Error with String Splitter (Regex) based on date and time

Hi, I’m trying to split a column that contains a log such as the one shown below. I want to split it in rows with each row containing the part of the log starting with the date/time (keeping the date/time). I’m using the following regex in the String Splitter (Regex) node but get an error Some input string(s) were missing or did not match the pattern. Played with advanced settings to no avail.

(?=\d{4}-\d{2}-\d{2} \d{2}:\d{2}:\d{2})

regex101 shows the split and I used the above regex in Python code successfully using re.split()

Log
2025-01-23 11:45:12 - John Doe (Additional comments)
Rejected by John Doe
2025-01-22 09:56:36 - David Smith (Additional comments)
Approval request sent to David Smith - david.smith@acme.com

Any help appreciated.
Thanks.

Hi @Ferko , Welcome to the KNIME forum.

What final output are you wanting to retain?

Are you purely wanting to keep the date/time or are you trying to ultimately merge each pair of rows into a single row of multiple columns

e.g

LogDate Text1 Text2
2025-01-23 11:45:12 John Doe (Additional comments) Rejected by John Doe
2025-01-22 09:56:36 David Smith (Additional comments) Approval request sent to David Smith - david.smith@acme.com

To just collect the date/times, adjust your pattern to this:

(\d{4}-\d{2}-\d{2} \d{2}:\d{2}:\d{2}).*
if set to “require whole string to match”
or just this, if not:
(\d{4}-\d{2}-\d{2} \d{2}:\d{2}:\d{2})

e.g.

You will still get this message, because for some rows, the pattern didn’t match, but it can be ignored in this case.
image

This would put your dates into a new column, and you could then follow this with a Row Filter/Row Splitter keeping those rows where Split is not Missing.

You could alternatively follow it with a Missing Value node and have missing values filled down from “previous value” which would place the date against the associated row too.

Hopefully they’re useful suggests but it depends what you want to do with it :wink:

Hi @takbb. Thanks for the quickly reply. Here is a diagram explaining what I’d like to do.

Once I have the rows as shown below, I can use the Cell Splitter to split the lines in columns (using \n) and then split the cell containing the date using regex.

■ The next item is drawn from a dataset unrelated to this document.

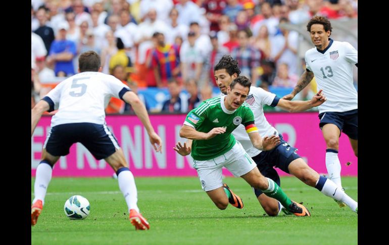 Deportes | El cuadro americano festeja 100 años de su federación pero deja dudas a pesar de ganar EU vence 4-3 a Alemania El cuadro americano festeja 100 años de su federación pero deja dudas a pesar de ganar Por: EFE 2 de junio de 2013 - 16:09 hs Miroslav Klose recibe una falta en el juego de Alemania ante Estados Unidos. EFE / WASHINGTON, D.C. (02/JUN/2013).- El centrocampista Clint Dempsey marcó dos de los cuatro goles con los que la selección de Estados Unidos venció por 4-3 a la de Alemania en partido amistoso de celebración del Centenario de la fundación de la Federación de Futbol del equipo de las barras y las estrellas. Estados Unidos, que cayó por 4-2 el miércoles en amistoso con Bélgica, esta vez fue un equipo completamente diferente y además con mejor condición física que Alemania, que nunca se adaptó al fuerte calor y a la humedad que se registró en el RFK Stadium, de Washington. La gran figura del partido fue Dempsey, el nuevo capitán de Estados Unidos, que con sus dos goles llegó a seis en lo que va del año y a 35 desde que juega con la selección, lo que lo pone como el segundo máximo anotador en la historia de la selección, sólo superado por Landon Donovan. El partido no pudo comenzar mejor para Estados Unidos que al minuto 14 elaboró un buen contraataque dirigido por el centrocampista Graham Zusi que puso un balón perfecto dentro del área para que Jozy Altidore sobre la marcha rematase con la derecha y batiese al arquero alemán Marc-André ter Stegen. El 2-0 llegó al minuto 17 como regalo del propio Stegen que dejó pasar el balón de forma incomprensible cuando su compañero, el defensa Benedikt Howedes, se lo había cedido sin ningún peligro. A partir de ese momento, Alemania intentó despertar, pero el fuerte calor y la humedad no favoreció que sus acciones tuviesen la velocidad suficiente para sorprender a la bien posicionada defensa de Estados Unidos, que se fue al descanso con la ventaja de 2-0. Pero en la segunda parte, Alemania, que salió con cuatro cambios que hizo el seleccionador Joachim Low, comenzó a hacer su mejor fútbol y al minuto 52 el defensa central Heiko Westermann marcó de cabeza el 2-1. Pero la reacción de Alemania duró poco porque surgió la inspiración goleadora de Dempsey, que a los 60 y 64 anotó los goles que aseguraron el triunfo de Estados Unidos en la celebración del Centenario del nacimiento del fútbol como deporte oficial en este país, en 1913. Alemania intentó conseguir el empate y estuvo cerca de lograrlo después que Max Kruse marcó el 4-2, a los 79 minutos, para que Julian Draxler, al 81, lograse con potente disparo desde fuera del área poner el definitivo 4-3. El triunfo permitió a Estados Unidos seguir con marca ganadora de 14-3-5 en los partidos oficiales que ha disputado en toda su historia en el RFK Stadium, de Washington. El próximo compromiso de Estados Unidos será el partido del hexagonal de la Concacaf del Mundial de Brasil 2014 que disputará el viernes, en el National Stadium; de Kingston, frente a Jamaica. Luego, el 11 de junio seguirá con las eliminatorias mundialistas cuando se enfrente a Panamá, en CenturyLink Field, de Seattle, y el 18 lo hará ante Honduras en el Rio Tinto Stadium, de Sandy (Utah). Alemania, por su parte, regresa a Europa sin ningún tipo de compromiso cercano tras cumplir una gira de dos amistosos en Estados Unidos, el primero disputado ante Ecuador y que ganó por 4-2. - Ficha técnica: 4. Estados Unidos: Tim Howard; Fabian Johnson (m.46, Brad Davis), Omar González, Matt Besler, DaMarcus Beasley (m.57, Edgar Castillo); Jermaine Jones, Michael Bradley, Graham Zusi (m.56, Eddie Johnson), Brad Evans; Clint Dempsey y Jozy Altidore (m.81, Terrance Boyd). Seleccionador: Jurgen Klinsmann. 3. Alemania: Marc-André ter Stegen; Benedikt Howedes, Per Mertesacker (m.46, Philipp Wollcheid), Lars Bender (m.46, Heiko Westermann), Marcell Jansen (m.46, Dennis Aogo); Sven Bender (m.46, Max Kruse), Julian Draxler, Andre Schürrle (m.68, Sidney Sam), Stefan Reinartz; Lukas Podolski y Miroslav Klose (m.80, Nicolai Müller). Seleccionador: Joachim Low. Goles: 1-0, m.14: Jozy Altidore. 2-0, m.17: Marc-Andre ter Stegen, en propia meta. 2-1, m.52: Heiko Westermann. 3-1, m.60: Clint Dempsey. 4-1, m.64: Clint Dempsey. 4-2, m.79: Max Kruse. 4-3, m.81: Julian Draxler. Árbitro: el mexicano Paul Delgadillo, no mostró tarjetas. Incidencias: Partido amistoso para celebrar el Centenario de la Federación de Fútbol de Estados Unidos disputado en el RFK Stadium, de Washington, ante 47 mil 359 espectadores. Temas Futbol Internacional Partidos amistosos Selección de Estados Unidos Selección de Alemania Lee También ¿Dónde ver EN VIVO el partido de J14 Pachuca vs Tigres? A punto de aparecer el ciclón "Melissa"; a esta distancia está de México Tormenta tropical podría formarse en este punto del Pacífico mexicano ¿Dónde ver EN VIVO los juegos de la Semana 8 de la NFL? Recibe las últimas noticias en tu e-mail Todo lo que necesitas saber para comenzar tu día Registrarse implica aceptar los Términos y Condiciones

I’m struggling with the first part. The regex needs to split the text in rows using the date/time that can appear multiple times. I understand (?= is needed to “lookhead to match without consuming the text”

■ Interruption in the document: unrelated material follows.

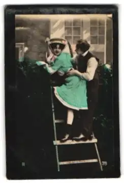 Mini-AK Mann hält Frau davon ab, über eine Hecke zu klettern

(?=\d{4}-\d{2}-\d{2} \d{2}:\d{2}:\d{2})

Ah, ok, so if I understand correctly your data is initially in this form, so there are multiple entries per “NUMBER” contained within the one cell?

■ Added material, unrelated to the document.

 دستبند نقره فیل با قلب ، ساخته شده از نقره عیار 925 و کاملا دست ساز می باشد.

I wouldn’t try to achieve it all with the regex node. Instead I’d go for reassembling the data into a format which regex can more easily assist with. Since I already had a regex to extract the date when the date was split across multiple rows… let’s first split the data across multiple rows :wink:

To achieve that, the Cell Splitter, splitting the data on \n but generating a List turns the data into this:

After a quick rename of the column to remove the “_SplitResultList” suffix, ungroup can be used to unpack the List column into individual rows per item, and a nice side-effect of this is that the “NUMBER” value gets filled down against each item

This then puts us on track to use the String Splitter (regex) to pull out only the date data (if present) into a new column. Missing Value can then fill down those dates across all the rows to which it applies

and finally a groupby, grouping on NUMBER plus the “DATE” column and concatenating with \n, followed by a tidy up of the table gets you to the result (I hope! :slight_smile: )

see attached workflow:
regex date split.knwf (91.7 KB)


edit: – Having just re-read I gather that after this, you then want your data in column form, so I’ve added a second workflow with a modification to the end processing. This does indeed use “lookahead” regex, as it tries to generate three columns across different rows that can then be “merged”

(?=\d{4}-\d{2}-\d{2} \d{2}:\d{2}:\d{2})(\d{4}-\d{2}-\d{2} \d{2}:\d{2}:\d{2}) \- (.*)|(.*)

So this looks ahead to see if the row contains the date and time, and if it does it captures the date/time, then skips the hyphen and captures the remaining text on that row. If it doesn’t contain date/time it just captures the whole entry into a third column

So you end up with this:

Tidying that up with a Missing Value, then a Row Filter and Table Manipulation results in this output:

regex date split -v2.knwf (101.5 KB)

1 Like

@takbb thanks a lot for your help and thorough answers. This is perfect. Amazing community. And Knime is a great product. I’ve been using it for a good month now and will never go back to Excel to process my data :wink: Wish you a good day.

2 Likes

You’re welcome @Ferko . Great that you’re moving on from Excel data manipulation, and thank you for marking the solution.

This topic was automatically closed 7 days after the last reply. New replies are no longer allowed.